■ Task objective
Within the entries below, please return exactly the lines from the one with "Archives Bibliothèque Henry" through the one with "شکل ۴. نقش غنچه و گل لوتوس در آجر ربط", leaving out any pictures.
____________
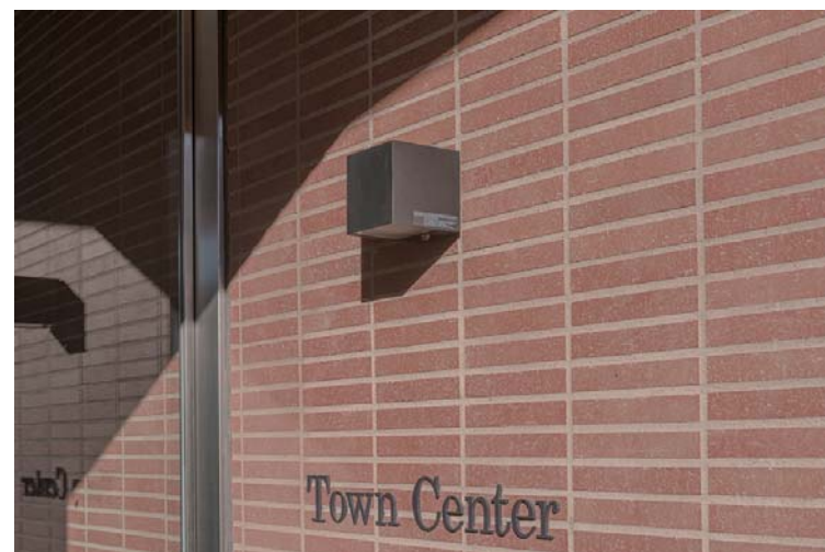
外装壁面タイルディテール
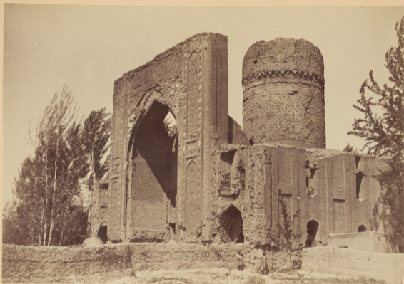
16.. Мавзолей Ишратъ-хана на могилѣ бабушки Тимерлана Сахибъ-Давлять-бена, дочери Эмира-Джалолуджина.
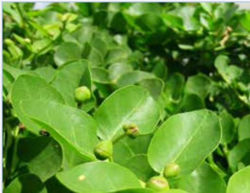
FIGURA 10. Tapenera ( Capparis spinosa ) amb els puncells florals, dels quals es fan les tàperes.

* Família Dioscoreaceae. Representada en la flora valenciana per Tamus communis L. (gatmaimó, nueza negra, truca ), espècie pròpia d'hàbitats forestals i preforestals de les comarques més plujoses de baixa altitud. Se'n consumeixen els brots de les noves tiges (esparraguets, esparraguillas ), cuits, amb un sabor amarg que recorda el dels brots del galzeran ( Ruscus sp.). La resta dels òrgans de la planta són verinosos pel seu contingut en saponòsids esteroïdals, derivats de la
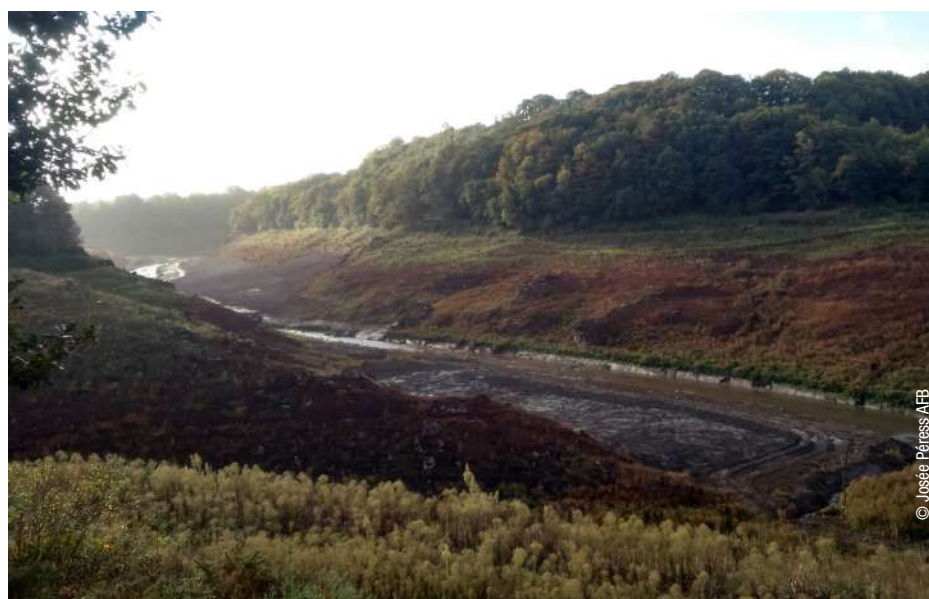
La Sélune dans l'ancienne zone de retenue de Vézins (Manche) le 26 Septembre.

international autour de la renaissance de la Sélune. Réunissant plus de 150 participants (chercheurs, associatifs, gestionnaires et collectivités), cet événement a éclairé les divers enjeux (écologiques, scientifiques, politiques, sociaux...) de la Sélune à la lueur de retours d'expériences du monde entier et a posé quelques jalons pour l'avenir de la vallée.
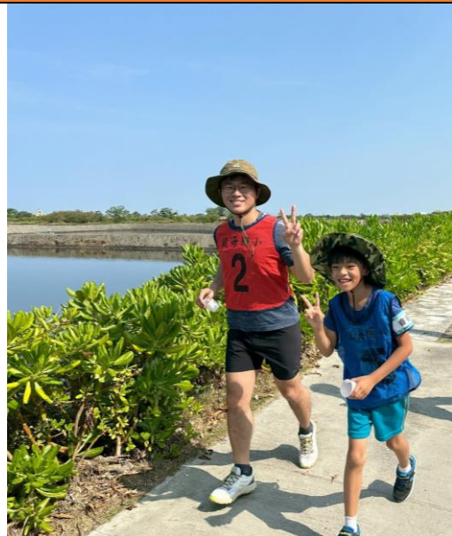
有空的家人們都到場陪跑
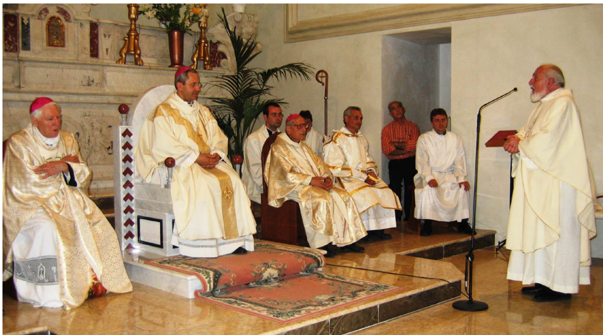
La cerimonia di nomina del Santo a compatrono della diocesi di Tursi - Lagonegro
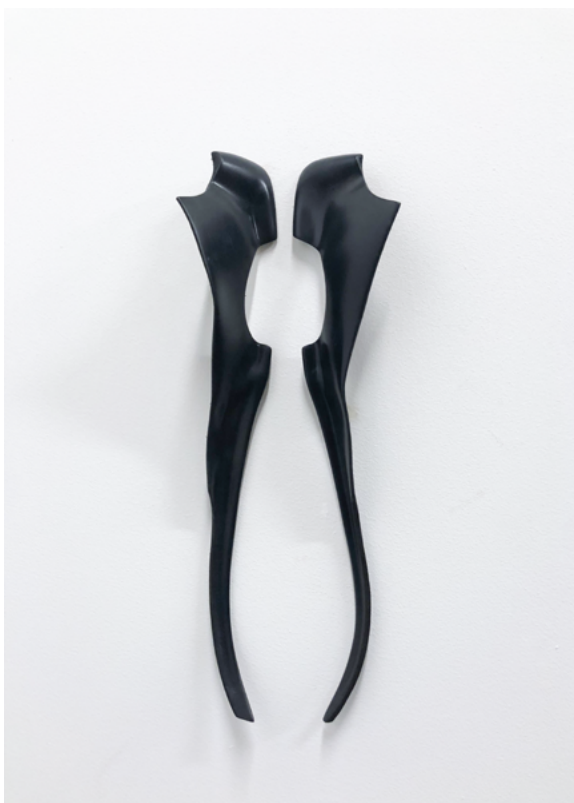
Suska Bastian Protective Shell XII, 2023 feuille, couleur 16 x 38 cm
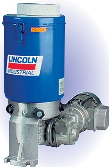
Насосная станция P 205

Никто сегодня не отрицает, что смазывать трущиеся пары во время работы намного эффективнее, чем во время остановки. Это касается как импортной техники фирм Caterpillar, Komatsu, Demag и др., так и продукции российских производителей тяжёлой карьерной техники (ОМЗ «Горное оборудование и Технологии», «Крастьямаш», РУПП «БЕЛАЗ» и т.д.). Но если в настоящее время почти 40–45% карьерных самосвалов уже работают в карьерах с ЦСС, то, к сожалению, этого пока нельзя сказать в отношении карьерных экскаваторов. Подобное положение, прежде всего, связано с тем, что элементы централизованной системы смазки экскаватора в значительной степени, как по металлоёмкости так и по сложности, отличаются от ЦСС карьерного самосвала. Однако компанией Lincoln GmbH & Co. KG уже разработаны централизованные системы смазки для всех экскаваторов российских производителей, которые могут быть закуплены через наших дилеров, а через
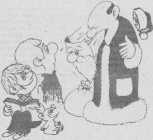
Drugič pa ne hodite okrog z mokrimi čevlji, tovariš dedek Mraz ...
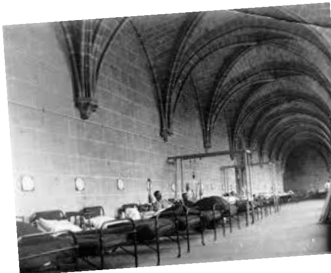
Archives Bibliothèque Henry et Isabel Göüin, Royaumont
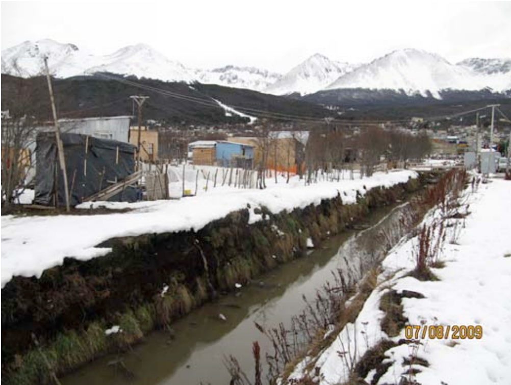
Barrio precario sobre el turbal, Lapataia, Ushuaia (7 8 2009)
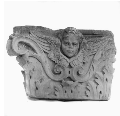
Chapiteau qui proviendrait du couvent d'observants IVR82_19826900055X
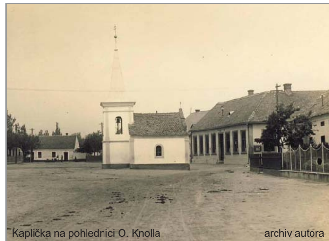
Kaplička na pohlednici O. Knolla
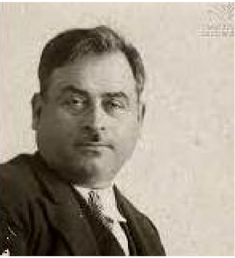
სიყვარული რუსთაველის ბაბბბბი

ქართული იდეოლოგია მრავალ მიზეზთა შედეგია. სიყვარული და ექსტაზი, რომელსაც ქადაგებს რუსთაველი, საქართველოს გრძელი ისტორიის პულსაციას გამოსახავს. რუსთაველის მიჯნურობა იდეალური ფორმა ბრძოლის სოციალური ფსიქოლოგიისა, რომელიც ვითარდებოდა წარსულში ქართული კულტურის ისტორიული დეტერმინაციით; მიჯნურობის იდეა ისეთივე ექსტრემულია ქართული სოციალური განცდისა, როგორც ბარათაშვილის თავგანწირული მარტირული განსჯისა, რომელიც სიყვარულითა და მრწამსით უკუღმარებელია და „ხვეწა-კოცნა, მტლაშა-მტლაში“. „მშუღს უფლო სიყვარული“ – ამბობს რუსთაველი. უფლო სიყვარული, რუსთაველის წარმოდგენაში, ნიშნავს უექსტაზო სიყვარულს – სიყვარულს, რომელიც ადამიანი არ იწყებს გატაცებას და ერთგვარ სიყვარულს. რუსთაველი წინააღმდეგობას იძისა, რომ ადამიანს „დღეს ერთი უნდეს, ხვალე სხვა“, სიყვარული ყოველთვის სავსე უნდა იყოს ექსტაზის გრძობით; სიყვარულის ობიექტი ხშირად არ უნდა იცვლებოდეს. ეს ორი დებულება სიყვარულის ფსიქოლოგიისა შორეულ ტრფიალებას მოითხოვს: „შორით ნება, შორით კვდობა, შორით დაგვა, შორით ალვა“ (27) – აი, მიჯნურობის რეალური არსი.
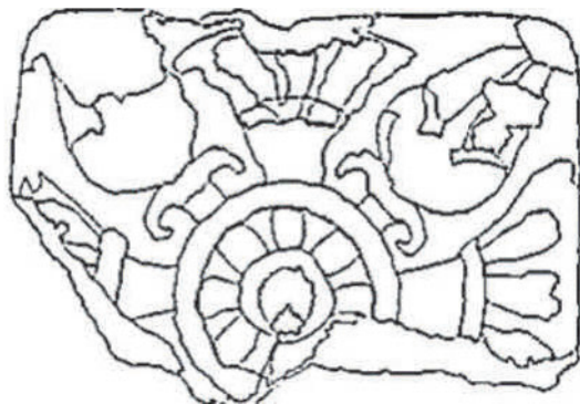
شکل ۴. نقش غنچه و گل لوتوس در آجر ربط

در اینجا، گل‌ها به وسیله بند به هم وصل نیستند، بلکه حول یک شکل گرد چرخ مانند و یا شاید طرح گل گرد لوتوس قرار گرفته‌اند. شیوه بعدی طراحی گل لوتوس در ربط ۲ را می‌توان بر روی گل‌میخ‌ها دید. این شیوه طراحی، هم بر روی گل‌میخ‌های محدب و هم گل‌میخ‌های تخت اجرا شده است. بر سطح نقش گل هشت‌پر با لعاب سفید بر گل‌میخ‌های محدب، عموماً زمینه فیروزه‌ای و یا نقش گل هشت‌پر با لعاب زرد بر زمینه فیروزه‌ای تصویر شده است. (اشکال ۴ و ۵).
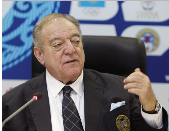
Cựu Chủ tịch IWF Tamas Ajan bị cáo buộc tham nhũng

Một cuộc kiểm toán độc lập tại Liên đoàn Cử tạ Thế giới (IWF) gần đây đã phát hiện tham nhũng trên diện rộng và hàng chục xét nghiệm doping bị che giấu. Các kiểm toán viên cũng cáo buộc cách lãnh đạo độc đoán, độc tài của cựu Chủ tịch IWF Tamas Ajan đã khiến IWF bị rối loạn, dẫn đến hoạt động không hiệu quả.
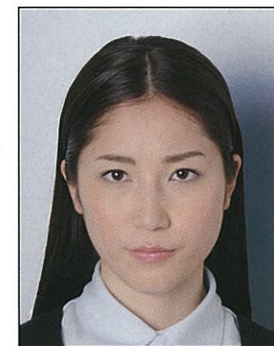
✕ 背景に影があるもの

デジタル印刷の場合、ドット（網状の点）やジャギー（階段状のギザギザ模様）、インクのにじみなどがみられるものは不適当です。写真専用紙等を使用し、鮮明な画質で印刷してください。
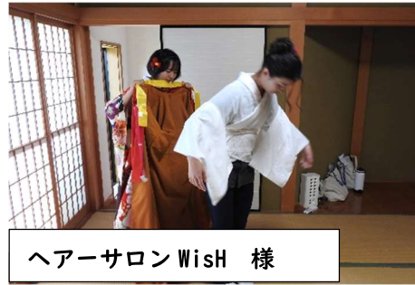
ヘアサロン Wish 様
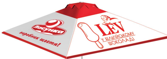
Зонт 3,5х3,5 м
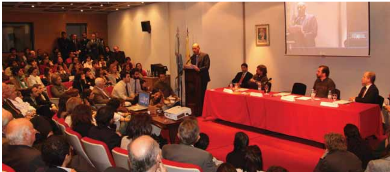
El Rector abre la reunión explicando las razones y los objetivos del acercamiento a las villas.
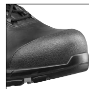
HAIX® Composite toe cap
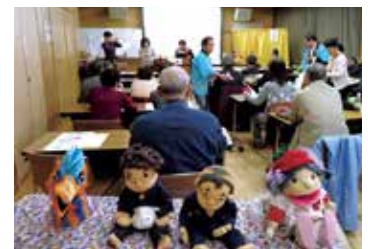
人形を作って、使って楽しい 腹話術
____________
■ Exercise answer
Archives Bibliothèque Henry et Isabel Göüin, Royaumont
Barrio precario sobre el turbal, Lapataia, Ushuaia (7 8 2009)
Chapiteau qui proviendrait du couvent d'observants IVR82_19826900055X
Kaplička na pohlednici O. Knolla
სიყვარული რუსთაველის ბაბბბბი

ქართული იდეოლოგია მრავალ მიზეზთა შედეგია. სიყვარული და ექსტაზი, რომელსაც ქადაგებს რუსთაველი, საქართველოს გრძელი ისტორიის პულსაციას გამოსახავს. რუსთაველის მიჯნურობა იდეალური ფორმა ბრძოლის სოციალური ფსიქოლოგიისა, რომელიც ვითარდებოდა წარსულში ქართული კულტურის ისტორიული დეტერმინაციით; მიჯნურობის იდეა ისეთივე ექსტრემულია ქართული სოციალური განცდისა, როგორც ბარათაშვილის თავგანწირული მარტირული განსჯისა, რომელიც სიყვარულითა და მრწამსით უკუღმარებელია და „ხვეწა-კოცნა, მტლაშა-მტლაში“. „მშუღს უფლო სიყვარული“ – ამბობს რუსთაველი. უფლო სიყვარული, რუსთაველის წარმოდგენაში, ნიშნავს უექსტაზო სიყვარულს – სიყვარულს, რომელიც ადამიანი არ იწყებს გატაცებას და ერთგვარ სიყვარულს. რუსთაველი წინააღმდეგობას იძისა, რომ ადამიანს „დღეს ერთი უნდეს, ხვალე სხვა“, სიყვარული ყოველთვის სავსე უნდა იყოს ექსტაზის გრძობით; სიყვარულის ობიექტი ხშირად არ უნდა იცვლებოდეს. ეს ორი დებულება სიყვარულის ფსიქოლოგიისა შორეულ ტრფიალებას მოითხოვს: „შორით ნება, შორით კვდობა, შორით დაგვა, შორით ალვა“ (27) – აი, მიჯნურობის რეალური არსი.
شکل ۴. نقش غنچه و گل لوتوس در آجر ربط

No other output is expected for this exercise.